### Prompt
Both ends included, restate word for word the lines from the first line of the listing through the line containing "ボトルを覗くと、温泉を優雅に". Leave the pictures out.

### Provided entries
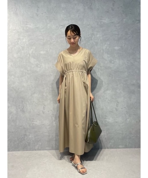ベージュのワンピースにカーキのバッグを合わせて、ナチュラルで上品なスタイルに♪
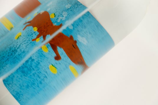 ボトルを覗くと、温泉を優雅に泳ぐカピバラの姿がボトルの中に浮かびます。お酒を飲み進めて瓶内のお酒の量が減ってくると、カピバラは次第に焼酎の温泉にぷかぷかと浸かっているように見えくる姿をお楽しみいただけます。裏ラベルにはうっとりと目を閉じながら、温泉を満喫するカピバラたちが描かれています。
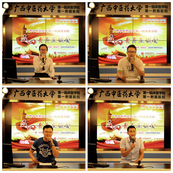 为迎接五四青年节,大力弘扬“爱国、进步、民主、科学”的五四精神和“两学一做”精神。4月27日晚,第一临床医学院团委在医院教学楼3楼录播室召开五四青年座谈会暨“学党史、知党情、跟党走”主题宣传教育活动。团委老师、团总支学生会新老成员、各班学生代表参加了本次活动。座谈会共有两项议程:“学党史、知党情、跟党走”主题宣传教育和五四青年座谈会。会议由第一临床医学院团委副书记秦燕老师主持。
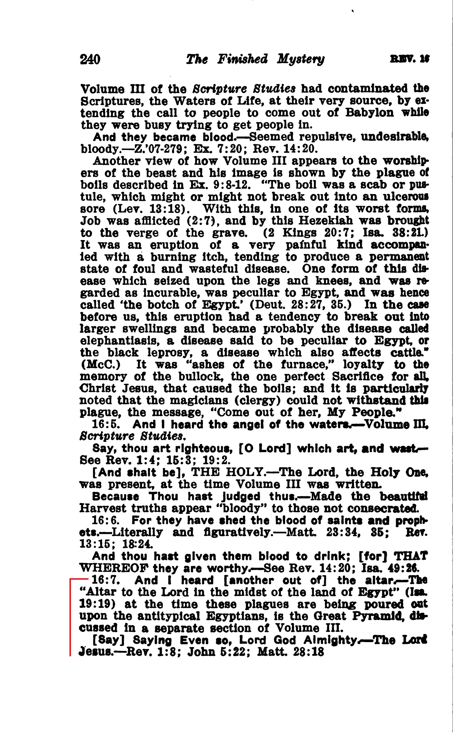 16:7. And I heard [another out of] the altar. — The "Altar to the Lord in the midst of the land of Egypt" (Isa. 19:19) at the time these plagues are being poured out upon the antitypical Egyptians, is the Great Pyramid, discussed in a separate section of Volume III.
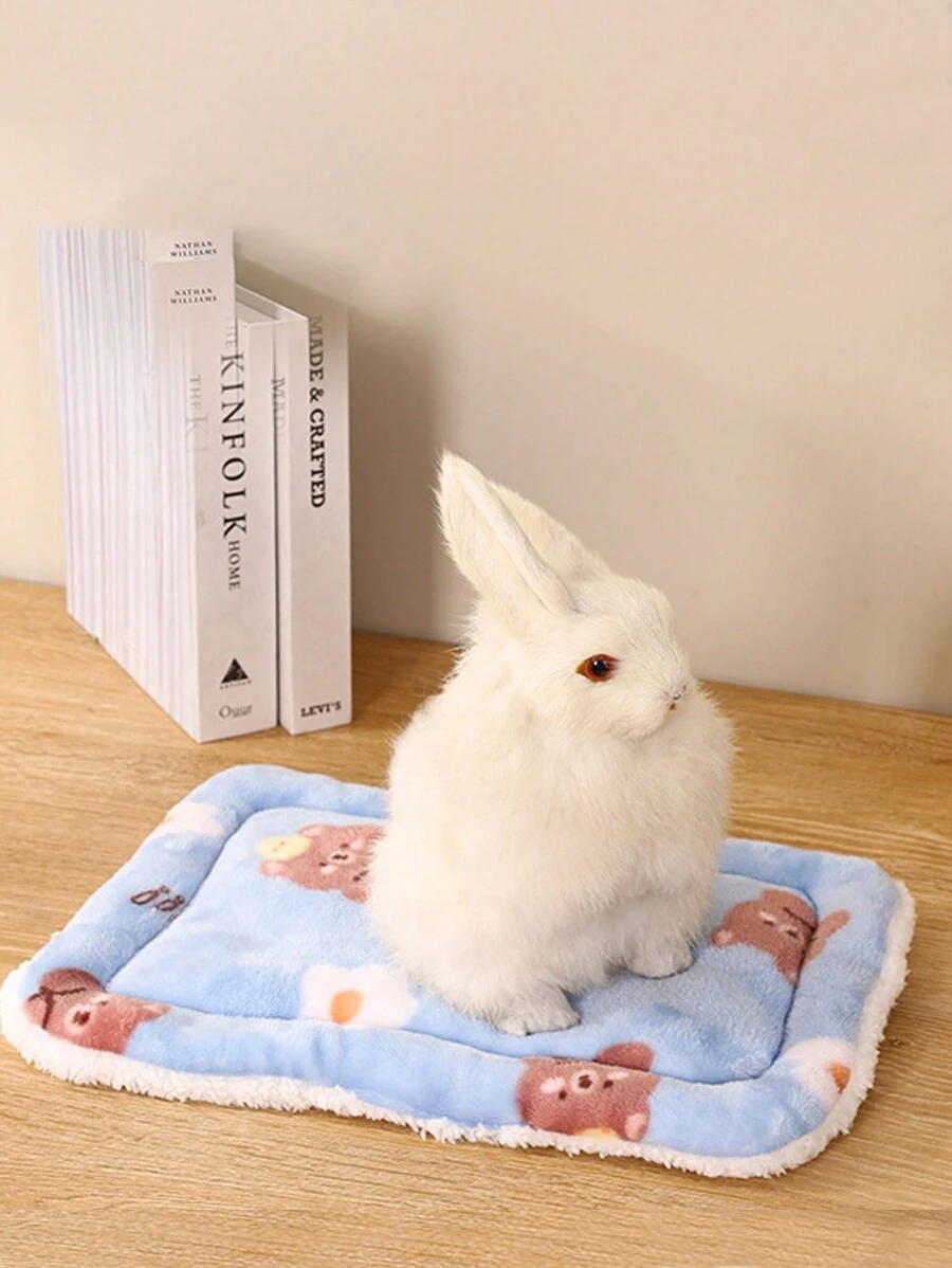 1pc Random Interior Color Cartoon Printed Flannel Pet Mat With Thick Bunny Foot Mat For Small Pets To Keep Warm And Comfortable, Suitable For Autumn And Winter
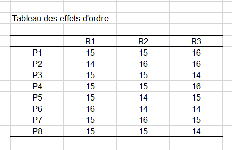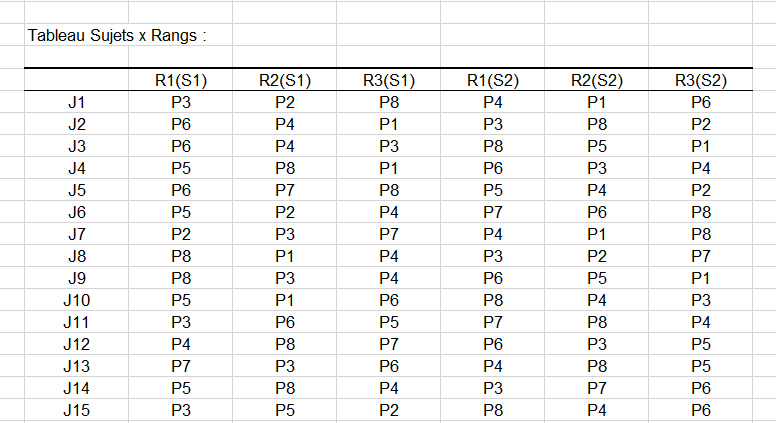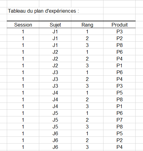 Le tableau du plan d'expériences pourra être analysé avec une ANOVA, une fois les évaluations recueillies. On a donc 4 colonnes, une pour la session, une pour le sujet, une pour le rang et une pour le produit. Ce tableau aura donc 2*60*3 lignes (360 lignes).

### Your solution
ベージュのワンピースにカーキのバッグを合わせて、ナチュラルで上品なスタイルに♪
 ボトルを覗くと、温泉を優雅に泳ぐカピバラの姿がボトルの中に浮かびます。お酒を飲み進めて瓶内のお酒の量が減ってくると、カピバラは次第に焼酎の温泉にぷかぷかと浸かっているように見えくる姿をお楽しみいただけます。裏ラベルにはうっとりと目を閉じながら、温泉を満喫するカピバラたちが描かれています。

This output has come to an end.